Q1 Report: Financial

Out of the four emotional niggles I had about quitting BigLaw, I thought at the outset that the most difficult would be not making money. I do feel the momentary pang on the 15th and 30th of every month when certain direct deposits do not appear, but overall I don’t think I have obsessed about this niggle as much as I thought I would.

Initially, I attributed this to the fact that we have been spending less money. The less money we spend, the less impact we feel from me not working. However, closer examination shows that the amount we have saved in day-to-day living has not actually made a significant difference to our bottom line. We didn’t “recoup” as much of my lost income as we had budgeted before I quit.

Over the past two months (August data were excluded from the analysis due to the road trip), we did cut down our routine spending — excluding one-off expenditures but including fixed costs like mortgage, insurance and utility — by almost 20%. This is on track with what I had estimated before I quit. Regular expenses (i.e., daily food, transportation, laundry, etc.) and discretionary expenses (i.e., clothing shopping, personal care, entertainment, etc.) accounted for approximately 40% of our routine monthly budget pre-resignation and have shrunk by almost 40% in aggregate.

Two of the major sources of savings have been food and shopping. We used to eat out at least four or five times a week, often at expensive restaurants. Now we cook more or eat out at less fancy places. To us, this hasn’t been a difficult adjustment. Given that I am apicky eater, having control over the ingredients has been a welcome change. Plus, home cooked meals just psychologically taste better. As for shopping, I haven’t bought anything on Gilt.com or Ruelala.com since quitting, compared to buying something on those sites a couple of times a month while working. I realized that I am perfectly happy wearing the $5 no-brand polo t-shirt I bought at a Target in Montana when I ran out of clean clothes. I derived as much pleasure buying the t-shirt at a 70% discount as I used to when acquiring a pair of Louboutins. Since my daily uniform consists of fleece, jeans and sneakers these days, I have no good reason to buy new clothes anyway.

Therefore, cutting the 40% has been relatively easy because the changes described above didn’t seem much of a sacrifice. This means more fat can be trimmed. Our failure to keep to our self-imposed austerity experiment for the month of October confirmed this hypothesis. The goal was to only spend money on non-discretionary items; instead we still “splurged” by eating out (including all the lunches I mentioned here), taking taxis, and getting massages. We even took a little jaunt to the picturesque Hudson Valley in upstate New York last Saturday and bought more antique trinkets that we don’t need. Had we been disciplined, we could have easily cut another 10% out of our routine monthly spending. However, these additional savings would have required disproportionately more sacrifice. It is hard to change habits, especially without a dire need for change. Because we know we can afford living our current lifestyle, we feel no urgency to go the extra mile. Picking the low-hanging fruit makes us feel sufficiently virtuous.

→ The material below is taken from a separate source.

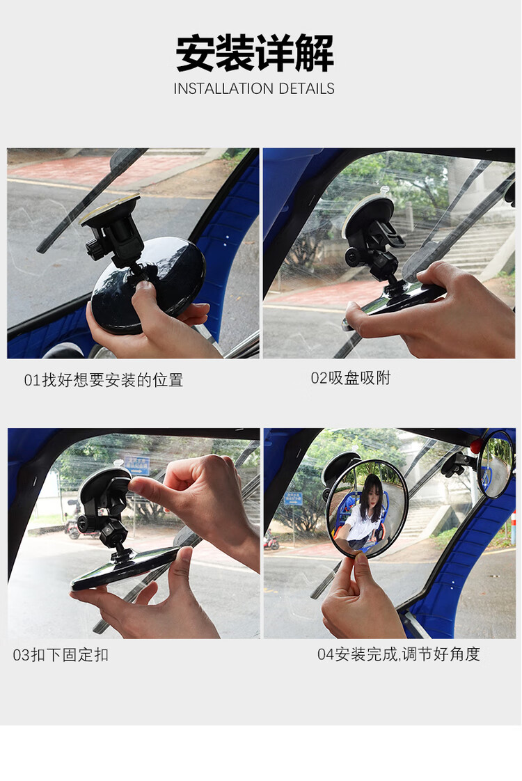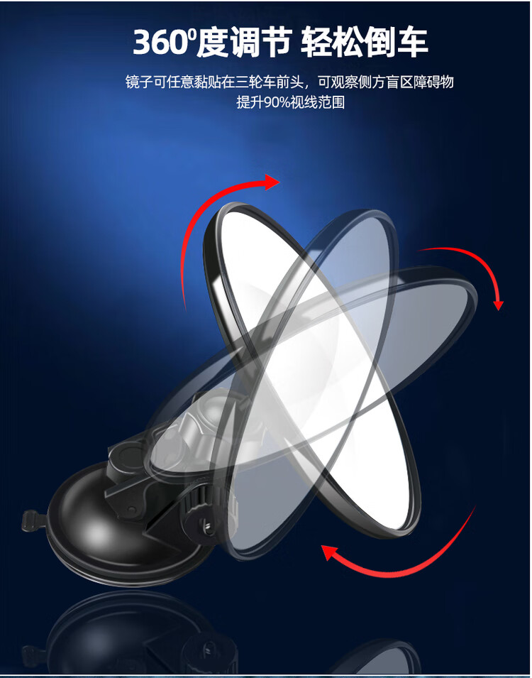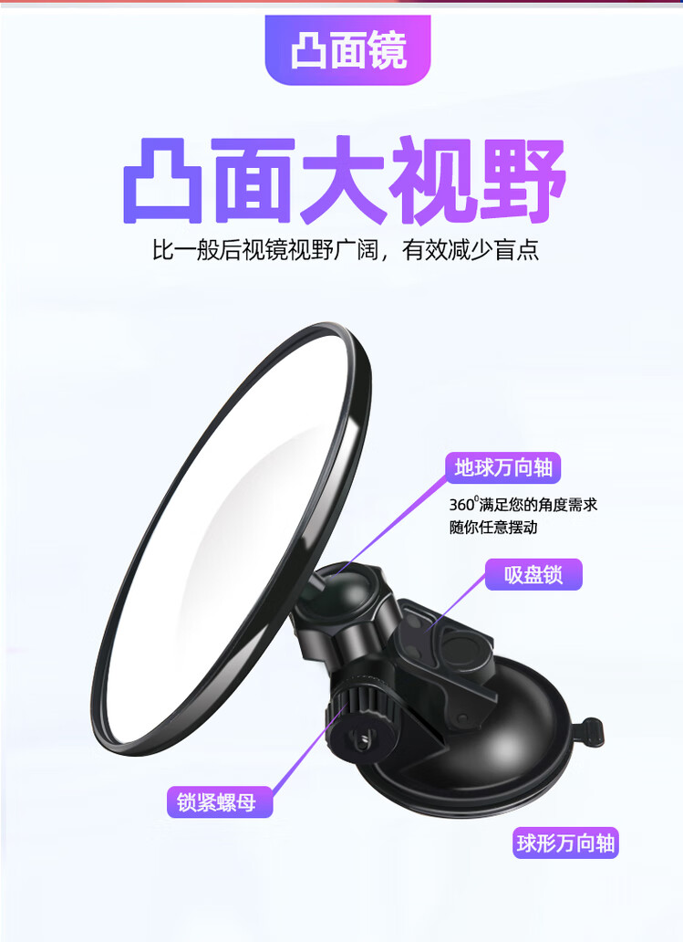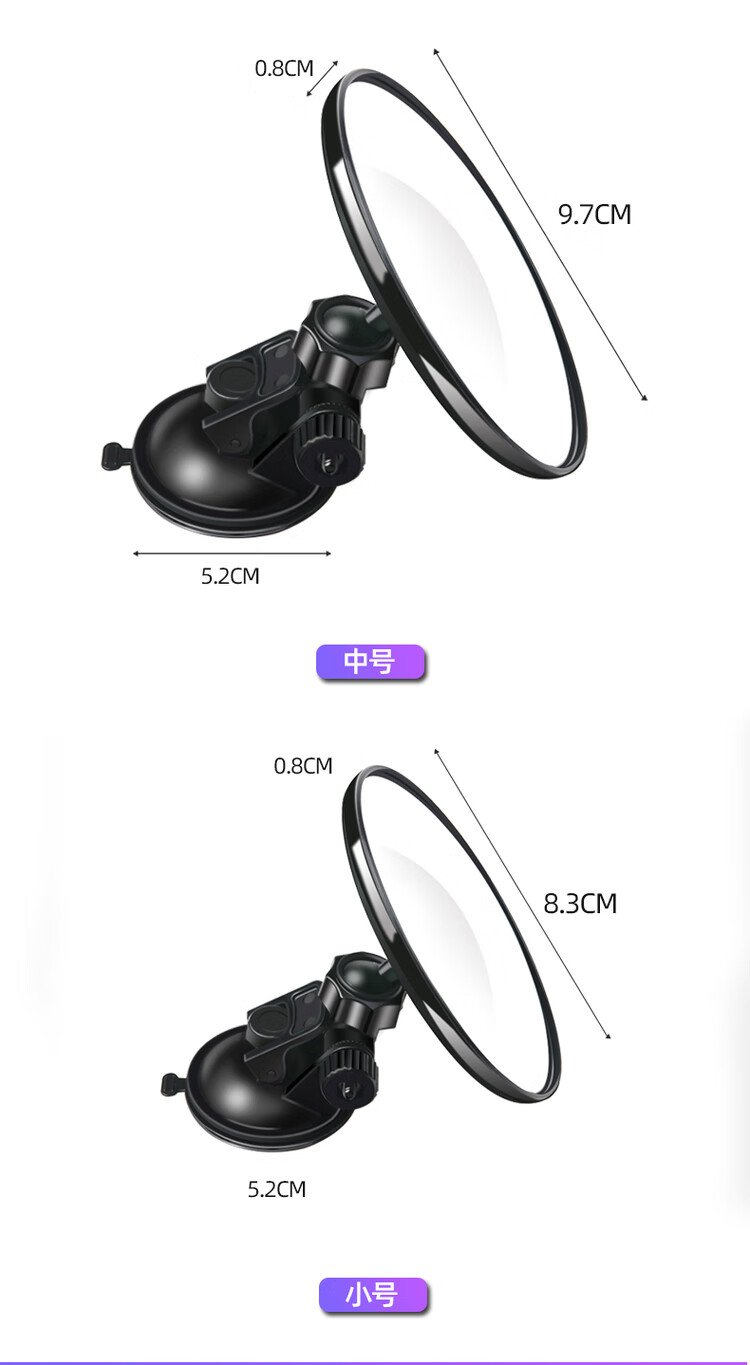 Hushe suction cup type in-car baby observation car rear rearview mirror wide-angle tricycle reversing mirror reflective auxiliary 11CM large suction cup single to enhance adsorption force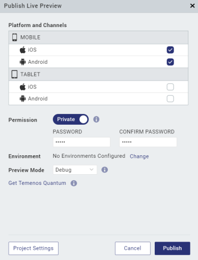 • Cloud. On the Build menu, click Publish Live Preview. The Publish Live Preview window appears.

Roll of Money (courtesy of uk2.net)

Going back to the earlier question, given that we have been saving almost 20% from our routine spending, why hasn’t there been a corresponding improvement to the bottom line? The answer lies in the many unbudgeted one-off expenses we have made.

I didn’t fully appreciate how expensive it can be to explore and enjoy the full array of New York City’s offerings. Now that I have more time and energy, I want to take continuing education classes to improve myself, attend talks and events to enrich my mind, get out of the city and enjoy the glorious fall, and network and make friends. All these things cost money — money that I would not have otherwise spent if I were working 300-billable-hour months. Working such a crushing schedule was actually exceedingly cost-effective — late-night dinners and transportation costs were covered by the firm and in turn by clients. I had little opportunity to spend money when there was hardly time for sleep.

So, we are not saving as much as I had expected. Why haven’t I felt the need to be more frugal? Maybe the rising stock market in the last couple of months has something to do with my surprisingly sangfroid attitude. I don’t think so.

I think the reason may be my evolving attitude towards money. I have been thinking about this quite a lot as my husband and I debate whether we should redo our austerity experiment in a future month. On one hand, it would be nice to know our minimum burn rate and prove to ourselves that we could be disciplined if we ever need to be. On the other hand, the experiment of squeezing every last dollar of savings may not be worth the pain and the cost of foregoing opportunities for self-growth and human connections. We haven’t decided yet. But one thing I have learned, as cheesy as it may sound, is that my self worth is much more than my net worth.

Logically, I have always known that my net worth is not a yardstick of my self worth. Yet, this is the first time I have begun to internalize the idea that my identity is more than a number in the bank. Money is more than a safety blanket that allows me to feel better when comparing myself to those who are less fortunate; it is a tool that enables me to explore and define who I am.

I am just at the beginning of this shift, far from reaching a balanced view on the topic. The magnetism of money is still strong and I don’t know if I want it to disappear altogether. After all, it can still serve as a powerful motivator in helping me explore career choices. I still want to make money, but one thing I remind myself often now is that the purpose of my life is not chasing after an ever changing number.